A trifle O.T.T. for a sore throat I felt, but given the fountains, the marble surroundings and the plush leather seating – I was just thankful I wasn’t breathing in the germs of another 150 people in that public hospital waiting room who were ranging from barely sniffly to verging on death.

Just one question now, doc: how much is this all going to cost?

Let’s just say that you wouldn’t have much change from $150 once you bought the antibiotics afterwards, but we were in an out in no time.

I came out of the experience feeling, well, terrible. Terrible that if you’re not earning very much – or perhaps not earning at all… a single mother, disabled person or a pensioner… you would be left with no option but to “put up and shut up”.

“At least they have that,” someone very proud of the system told me.

But if you do have the cash, well then, come on down!

I know that a good number of countries have this dilemma – the “no middle ground”.

But here, whether you’re treated like a mighty prince or like a mangy pauper depends on your ability to fork out for health insurance. All or nothing.

I’ve now lost count of the number of times I’ve heard people saying that “private hospitals in Brazil are among the best in the world, public hospitals are among the worst”. This seems more or less accurate.

And consider this last case. Say you break your nose and it sets wonky and you want it straightened. That’s exactly what happened to one of my friends here.

So he went to a surgeon and said, Hello, he’s my medical insurance – straighten my nose, please. The doctor practically laughed him out of the surgery.

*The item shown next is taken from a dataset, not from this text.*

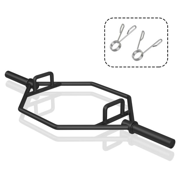 If you’re in the market for fitness equipment that is suitable for many different types of fitness activities, like powerlifting, push-ups and presses, then this is for you. Made of heavy-duty steel with phosphorizing finishing, our Olympic hex bar is rust and wear-resistant. You are free to add weight plates to the loadable sleeve, as long as the thickness and the weight of the plates do not exceed the limit of the bar. The whole product has a maximum bearing capacity of 365kg. Except for that, 2 snap springs, included in the package, help you fix and lock the weight plates tightly. 2 different grip positions, and both are knurled to increase friction and meet your different fitness needs. It is worth mentioning that the grip can be folded.

For the money I’ll get from that insurer? On your bike. You’ll need to “top that up” yourself.

So many people have health insurance that the insurers stop paying decent money to the hospitals – and the doctors find the cash another way. And that’s  hardly surprising.

For those of you in the UK, you probably heard the rumblings about the cost of the Olympics – £9+ billion – and our health system isn’t perfect – although I’m personally very pro-NHS.

Now consider this terrible situation with public hospitals in Brazil – bearing in mind that Curitiba, where I currently am, is a prosperous city.

Then consider that this country has to fund the Olympics in 2016 and the World Cup two years earlier, and that the country is virtually starting both from scratch.

Then you’ll understand the anger of the neglected Brazilian masses here.